### Work required
Please copy the data below exactly; none of the pictures in it belong in the copy.

### Provided material

[Start of section]

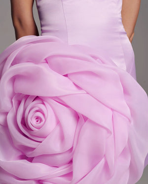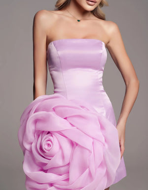 فستان قصير مع وردة كبيرة من الأورجانزا على الجهة الأمامية
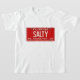 Travel back in time with this vintage-inspired SALTY license plate design. Bold embossed-style cream text pops on the red contrast. The use of retro-style lettering, realistic screws and Sunshine State slogan keep the vintage vibe realistic. This unique statement t-shirt is perfect for your next beach day, boat trip or everyday coastal life. | Vivid printing is recommended for non-white garments.
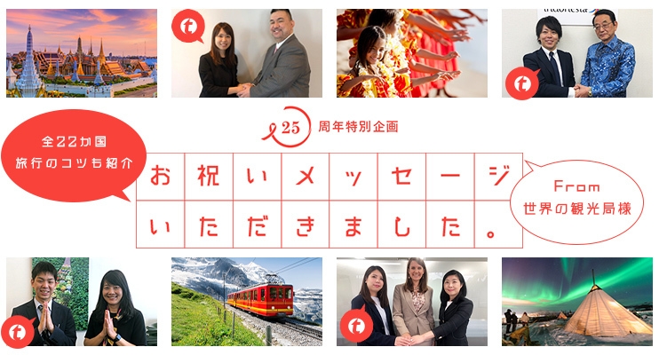 旅工房創業25周年記念キャンペーン第2弾 世界22か国の政府観光局代表からの祝福メッセージを公開

[End of section]

### Answer space
 فستان قصير مع وردة كبيرة من الأورجانزا على الجهة الأمامية
 Travel back in time with this vintage-inspired SALTY license plate design. Bold embossed-style cream text pops on the red contrast. The use of retro-style lettering, realistic screws and Sunshine State slogan keep the vintage vibe realistic. This unique statement t-shirt is perfect for your next beach day, boat trip or everyday coastal life. | Vivid printing is recommended for non-white garments.
 旅工房創業25周年記念キャンペーン第2弾 世界22か国の政府観光局代表からの祝福メッセージを公開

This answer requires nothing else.